**Aim of the task**
Write out every entry, unchanged. Skip any picture.

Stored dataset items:

******

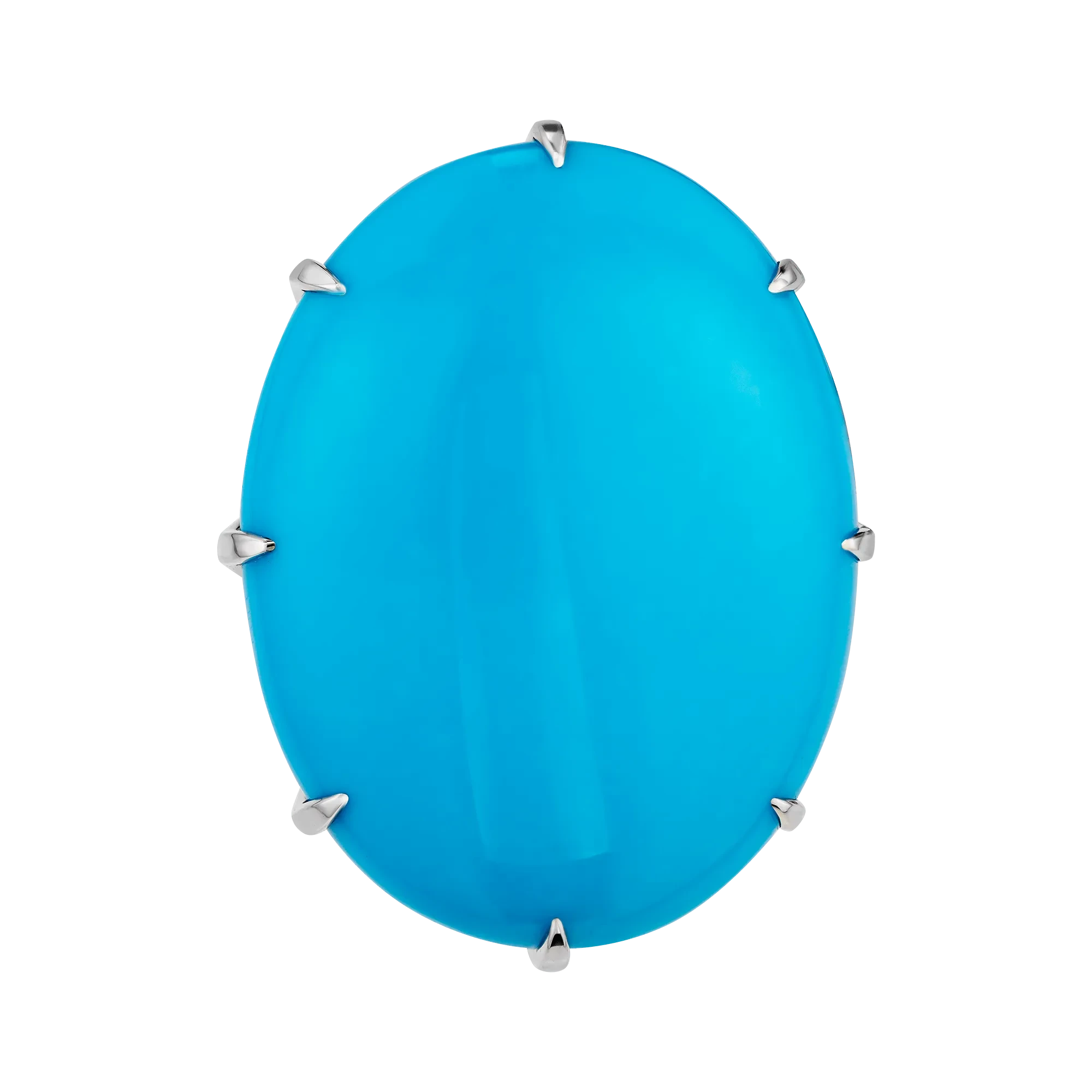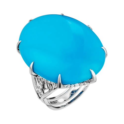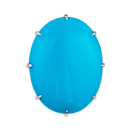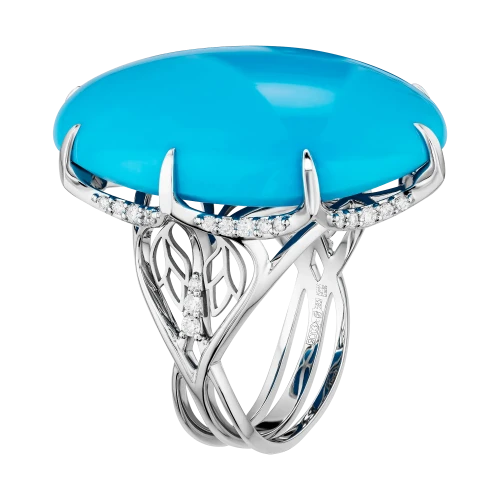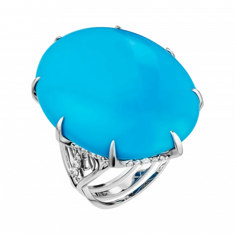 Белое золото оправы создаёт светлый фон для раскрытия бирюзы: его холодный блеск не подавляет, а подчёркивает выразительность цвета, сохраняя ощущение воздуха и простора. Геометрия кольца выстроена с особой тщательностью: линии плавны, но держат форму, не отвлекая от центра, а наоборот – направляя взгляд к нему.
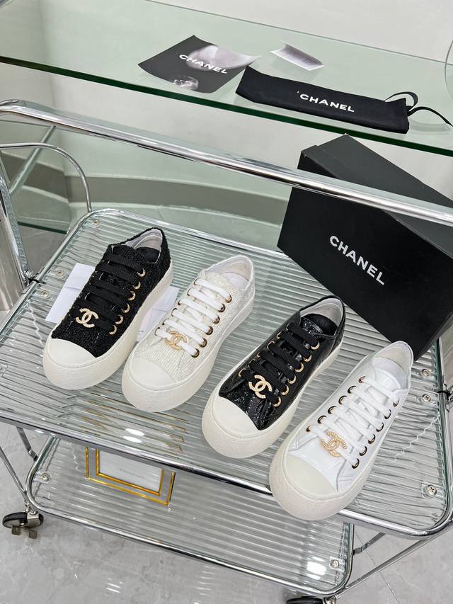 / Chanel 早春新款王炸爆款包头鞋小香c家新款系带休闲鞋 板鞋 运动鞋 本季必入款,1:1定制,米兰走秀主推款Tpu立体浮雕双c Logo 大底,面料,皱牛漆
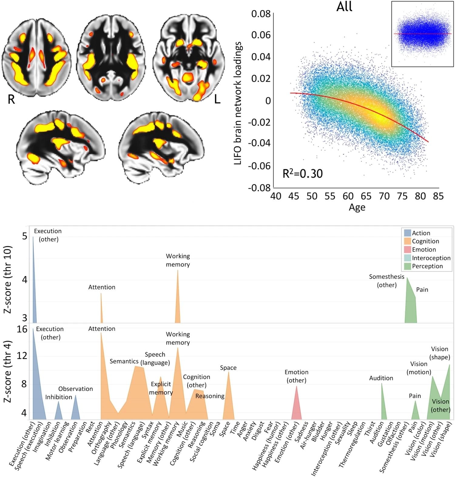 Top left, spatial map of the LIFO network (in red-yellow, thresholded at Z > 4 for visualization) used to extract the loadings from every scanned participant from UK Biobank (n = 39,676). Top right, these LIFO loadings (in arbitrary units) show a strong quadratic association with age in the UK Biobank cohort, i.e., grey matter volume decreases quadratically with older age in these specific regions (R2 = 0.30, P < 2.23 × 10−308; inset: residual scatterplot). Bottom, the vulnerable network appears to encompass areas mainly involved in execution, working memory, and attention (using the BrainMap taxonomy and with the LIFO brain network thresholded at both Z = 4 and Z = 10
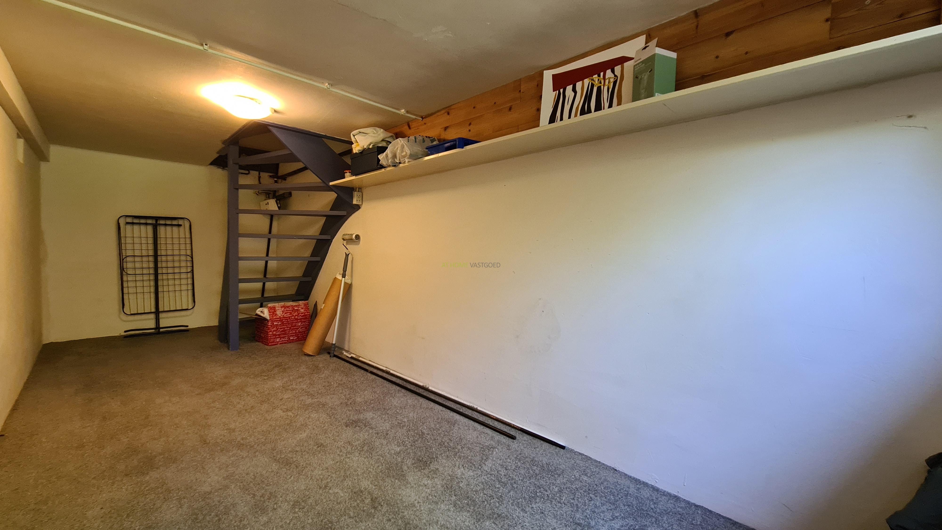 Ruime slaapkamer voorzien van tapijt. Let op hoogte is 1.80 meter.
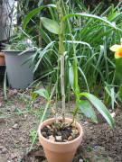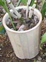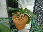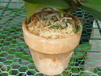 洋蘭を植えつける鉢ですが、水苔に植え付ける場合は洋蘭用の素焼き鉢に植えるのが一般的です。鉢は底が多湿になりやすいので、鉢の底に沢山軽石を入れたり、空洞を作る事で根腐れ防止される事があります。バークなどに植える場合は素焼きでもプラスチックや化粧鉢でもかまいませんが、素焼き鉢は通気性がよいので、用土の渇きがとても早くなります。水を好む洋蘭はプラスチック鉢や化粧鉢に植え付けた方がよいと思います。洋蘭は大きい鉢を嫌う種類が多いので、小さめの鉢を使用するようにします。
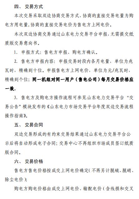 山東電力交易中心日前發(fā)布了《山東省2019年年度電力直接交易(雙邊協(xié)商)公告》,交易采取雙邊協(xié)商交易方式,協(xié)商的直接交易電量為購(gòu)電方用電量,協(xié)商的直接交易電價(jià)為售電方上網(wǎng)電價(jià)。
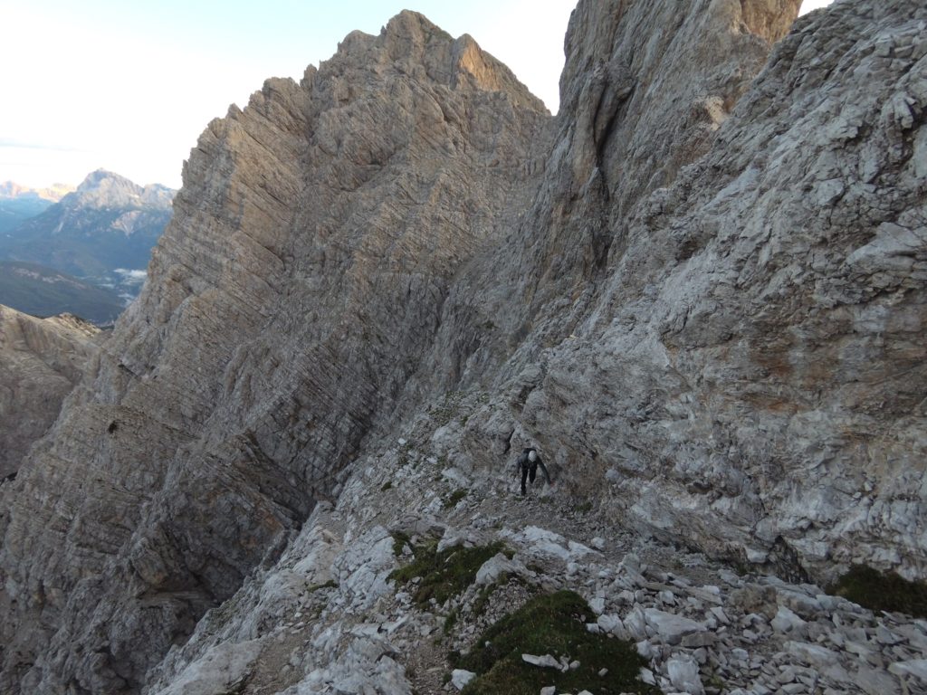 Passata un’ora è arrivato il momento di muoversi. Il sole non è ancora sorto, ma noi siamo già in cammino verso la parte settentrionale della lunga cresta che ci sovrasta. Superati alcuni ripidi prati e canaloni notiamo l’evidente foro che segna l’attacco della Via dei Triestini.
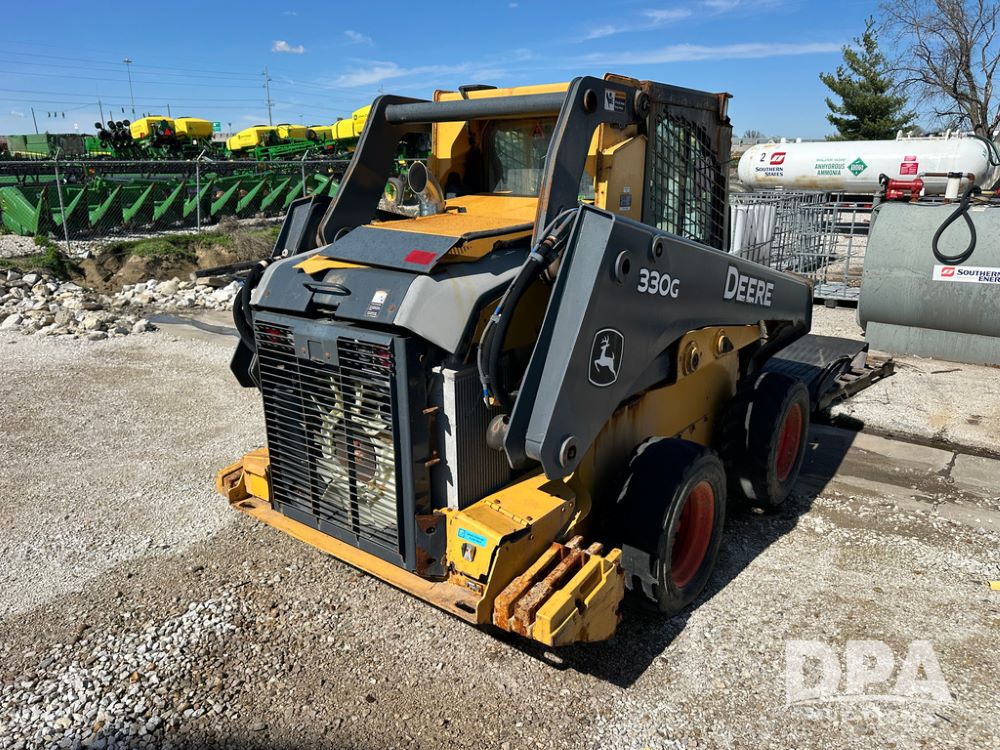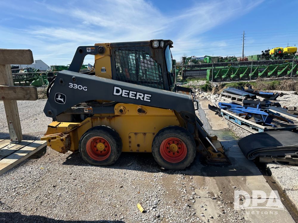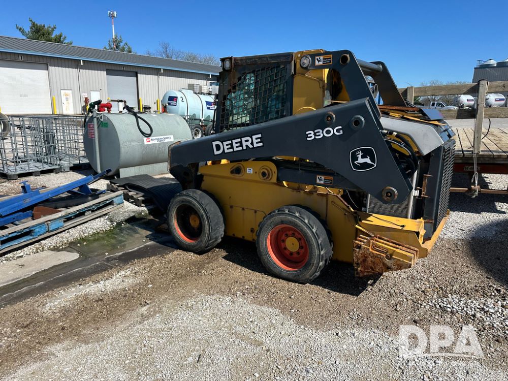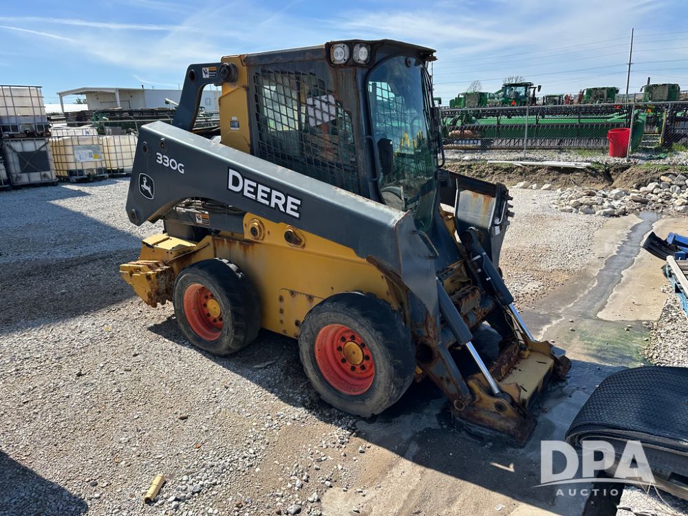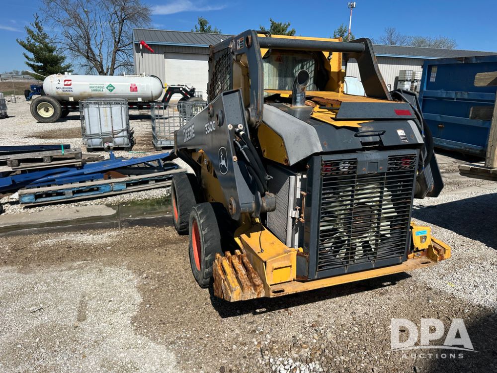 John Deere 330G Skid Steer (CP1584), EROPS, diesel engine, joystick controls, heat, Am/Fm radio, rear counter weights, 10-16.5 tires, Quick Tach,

******

**Result of this exercise**
 Белое золото оправы создаёт светлый фон для раскрытия бирюзы: его холодный блеск не подавляет, а подчёркивает выразительность цвета, сохраняя ощущение воздуха и простора. Геометрия кольца выстроена с особой тщательностью: линии плавны, но держат форму, не отвлекая от центра, а наоборот – направляя взгляд к нему.
 / Chanel 早春新款王炸爆款包头鞋小香c家新款系带休闲鞋 板鞋 运动鞋 本季必入款,1:1定制,米兰走秀主推款Tpu立体浮雕双c Logo 大底,面料,皱牛漆
 Top left, spatial map of the LIFO network (in red-yellow, thresholded at Z > 4 for visualization) used to extract the loadings from every scanned participant from UK Biobank (n = 39,676). Top right, these LIFO loadings (in arbitrary units) show a strong quadratic association with age in the UK Biobank cohort, i.e., grey matter volume decreases quadratically with older age in these specific regions (R2 = 0.30, P < 2.23 × 10−308; inset: residual scatterplot). Bottom, the vulnerable network appears to encompass areas mainly involved in execution, working memory, and attention (using the BrainMap taxonomy and with the LIFO brain network thresholded at both Z = 4 and Z = 10
 Ruime slaapkamer voorzien van tapijt. Let op hoogte is 1.80 meter.
 洋蘭を植えつける鉢ですが、水苔に植え付ける場合は洋蘭用の素焼き鉢に植えるのが一般的です。鉢は底が多湿になりやすいので、鉢の底に沢山軽石を入れたり、空洞を作る事で根腐れ防止される事があります。バークなどに植える場合は素焼きでもプラスチックや化粧鉢でもかまいませんが、素焼き鉢は通気性がよいので、用土の渇きがとても早くなります。水を好む洋蘭はプラスチック鉢や化粧鉢に植え付けた方がよいと思います。洋蘭は大きい鉢を嫌う種類が多いので、小さめの鉢を使用するようにします。
 山東電力交易中心日前發(fā)布了《山東省2019年年度電力直接交易(雙邊協(xié)商)公告》,交易采取雙邊協(xié)商交易方式,協(xié)商的直接交易電量為購(gòu)電方用電量,協(xié)商的直接交易電價(jià)為售電方上網(wǎng)電價(jià)。
 Passata un’ora è arrivato il momento di muoversi. Il sole non è ancora sorto, ma noi siamo già in cammino verso la parte settentrionale della lunga cresta che ci sovrasta. Superati alcuni ripidi prati e canaloni notiamo l’evidente foro che segna l’attacco della Via dei Triestini.
 John Deere 330G Skid Steer (CP1584), EROPS, diesel engine, joystick controls, heat, Am/Fm radio, rear counter weights, 10-16.5 tires, Quick Tach,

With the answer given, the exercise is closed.